Data excerpt:
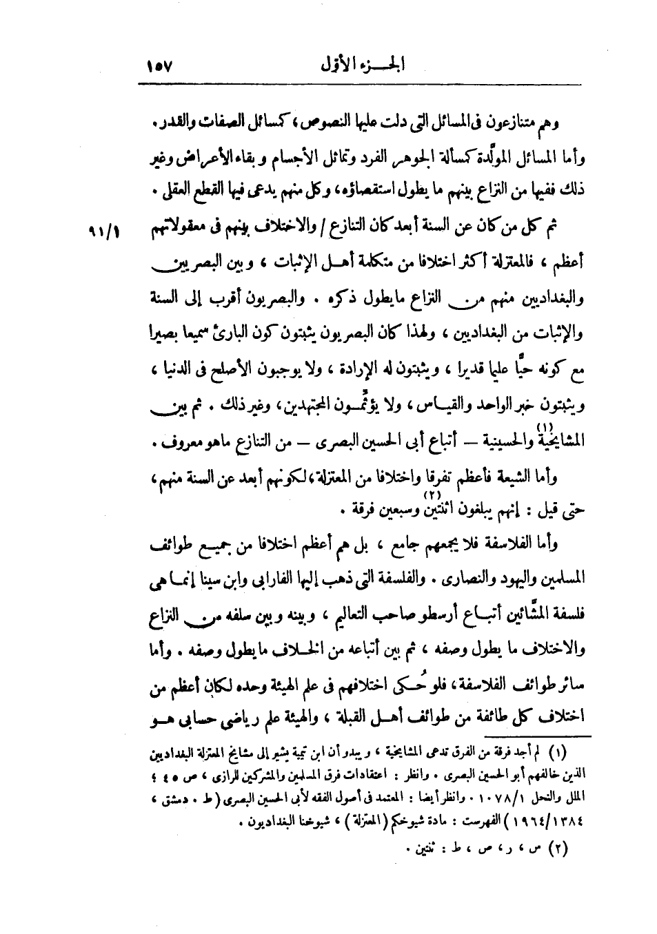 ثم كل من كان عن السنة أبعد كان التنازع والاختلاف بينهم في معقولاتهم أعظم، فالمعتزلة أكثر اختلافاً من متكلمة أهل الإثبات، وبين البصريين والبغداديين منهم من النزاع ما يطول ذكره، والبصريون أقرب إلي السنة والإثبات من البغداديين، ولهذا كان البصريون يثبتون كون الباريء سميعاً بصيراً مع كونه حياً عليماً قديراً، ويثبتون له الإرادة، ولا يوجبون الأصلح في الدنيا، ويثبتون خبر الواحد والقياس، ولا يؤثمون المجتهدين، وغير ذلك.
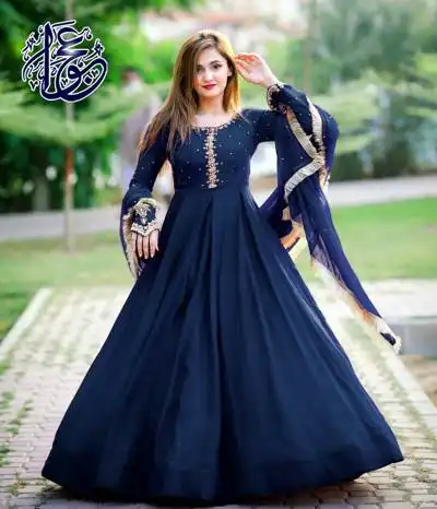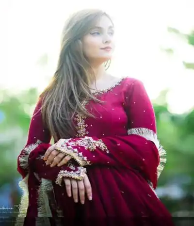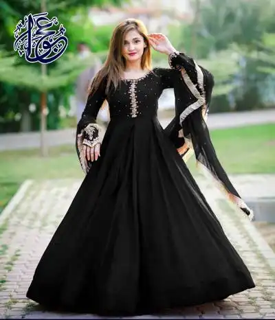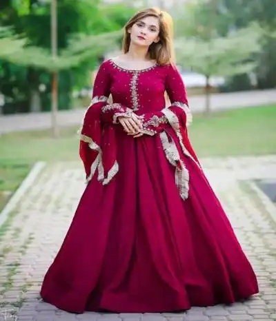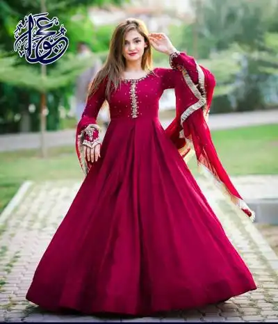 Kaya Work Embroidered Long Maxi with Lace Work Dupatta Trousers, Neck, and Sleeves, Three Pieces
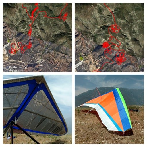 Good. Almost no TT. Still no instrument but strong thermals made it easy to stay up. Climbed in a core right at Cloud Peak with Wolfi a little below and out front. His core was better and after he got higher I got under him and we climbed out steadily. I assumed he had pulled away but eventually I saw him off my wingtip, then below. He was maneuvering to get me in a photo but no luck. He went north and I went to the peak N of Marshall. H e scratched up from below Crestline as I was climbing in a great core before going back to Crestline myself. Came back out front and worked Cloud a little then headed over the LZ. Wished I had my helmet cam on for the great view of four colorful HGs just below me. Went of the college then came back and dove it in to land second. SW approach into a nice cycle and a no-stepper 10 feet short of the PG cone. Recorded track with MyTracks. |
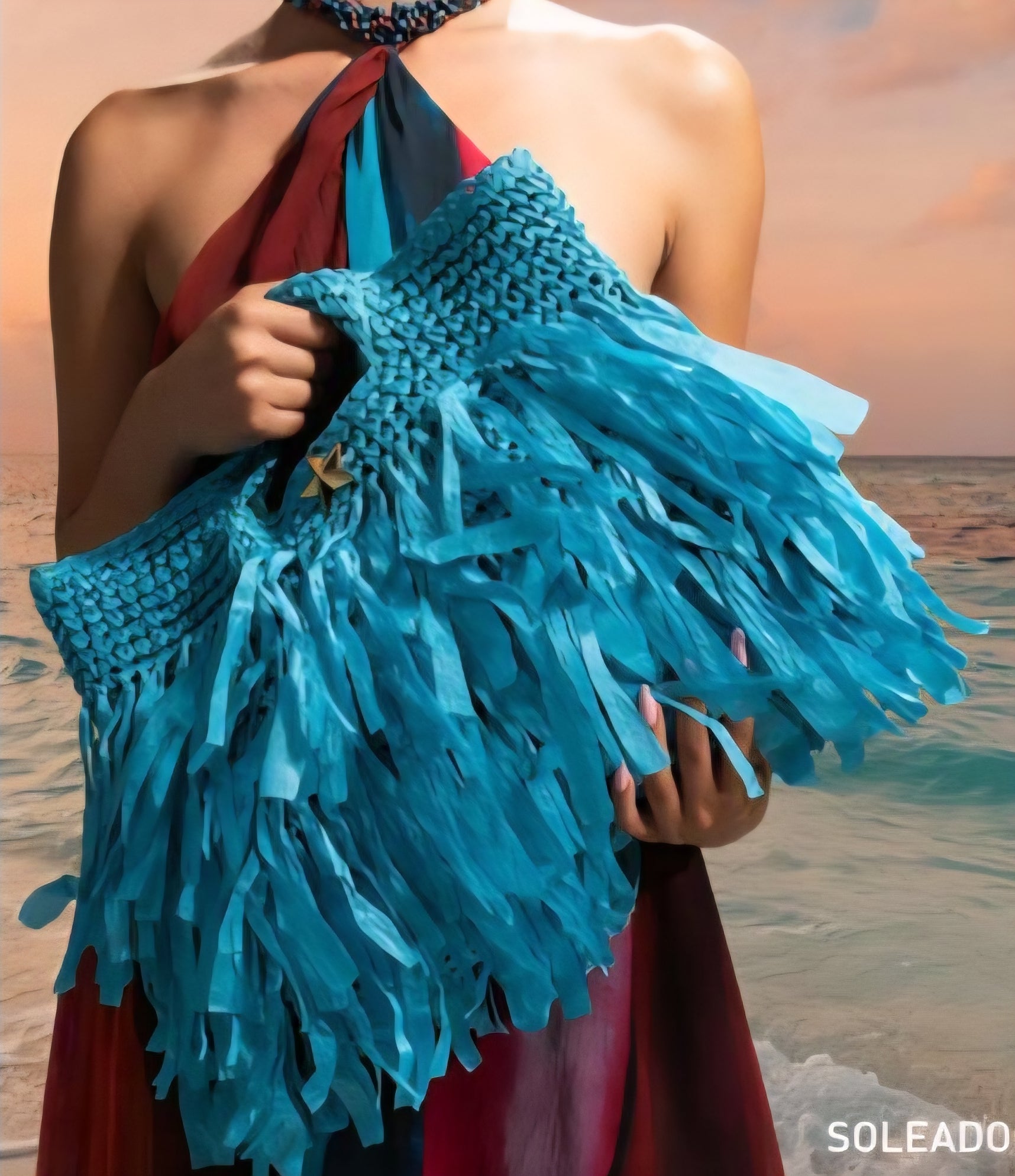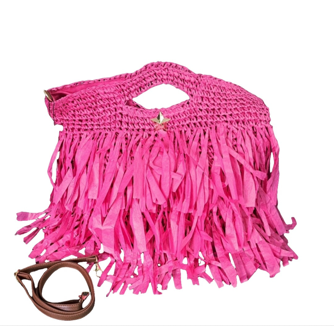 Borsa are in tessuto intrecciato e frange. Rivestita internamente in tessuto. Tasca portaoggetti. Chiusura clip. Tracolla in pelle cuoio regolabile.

Requirement: A faithful copy of all the lines above is needed, with the pictures omitted.

Response box:
 ثم كل من كان عن السنة أبعد كان التنازع والاختلاف بينهم في معقولاتهم أعظم، فالمعتزلة أكثر اختلافاً من متكلمة أهل الإثبات، وبين البصريين والبغداديين منهم من النزاع ما يطول ذكره، والبصريون أقرب إلي السنة والإثبات من البغداديين، ولهذا كان البصريون يثبتون كون الباريء سميعاً بصيراً مع كونه حياً عليماً قديراً، ويثبتون له الإرادة، ولا يوجبون الأصلح في الدنيا، ويثبتون خبر الواحد والقياس، ولا يؤثمون المجتهدين، وغير ذلك.
 Kaya Work Embroidered Long Maxi with Lace Work Dupatta Trousers, Neck, and Sleeves, Three Pieces
 Good. Almost no TT. Still no instrument but strong thermals made it easy to stay up. Climbed in a core right at Cloud Peak with Wolfi a little below and out front. His core was better and after he got higher I got under him and we climbed out steadily. I assumed he had pulled away but eventually I saw him off my wingtip, then below. He was maneuvering to get me in a photo but no luck. He went north and I went to the peak N of Marshall. H e scratched up from below Crestline as I was climbing in a great core before going back to Crestline myself. Came back out front and worked Cloud a little then headed over the LZ. Wished I had my helmet cam on for the great view of four colorful HGs just below me. Went of the college then came back and dove it in to land second. SW approach into a nice cycle and a no-stepper 10 feet short of the PG cone. Recorded track with MyTracks. |
 Borsa are in tessuto intrecciato e frange. Rivestita internamente in tessuto. Tasca portaoggetti. Chiusura clip. Tracolla in pelle cuoio regolabile.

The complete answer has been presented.